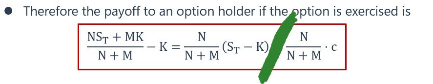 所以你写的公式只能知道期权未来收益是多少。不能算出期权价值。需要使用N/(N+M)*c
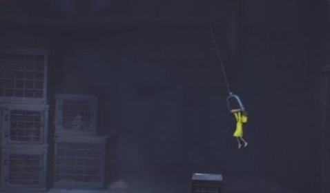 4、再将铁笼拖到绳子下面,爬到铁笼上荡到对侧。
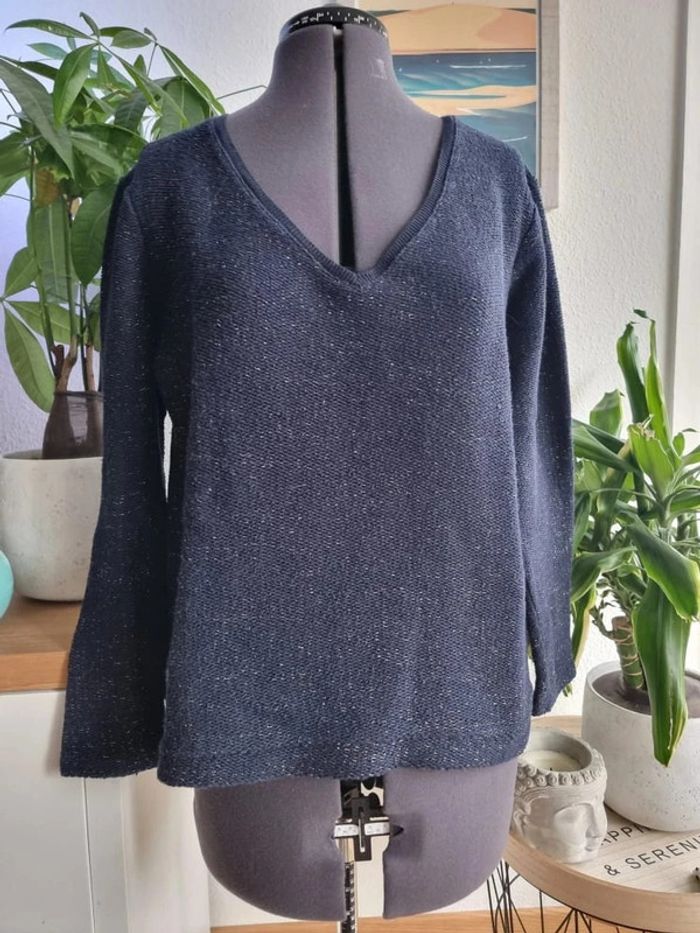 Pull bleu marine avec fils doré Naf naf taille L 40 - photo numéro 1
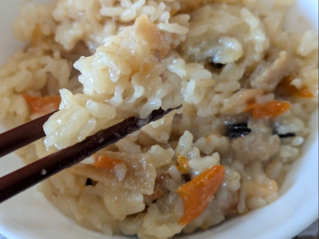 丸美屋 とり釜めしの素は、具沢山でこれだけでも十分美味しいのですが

WHAT IS REQUIRED
Copy every line of the data word for word, omitting the images.

WRITTEN SOLUTION
 所以你写的公式只能知道期权未来收益是多少。不能算出期权价值。需要使用N/(N+M)*c
 4、再将铁笼拖到绳子下面,爬到铁笼上荡到对侧。
 Pull bleu marine avec fils doré Naf naf taille L 40 - photo numéro 1
 丸美屋 とり釜めしの素は、具沢山でこれだけでも十分美味しいのですが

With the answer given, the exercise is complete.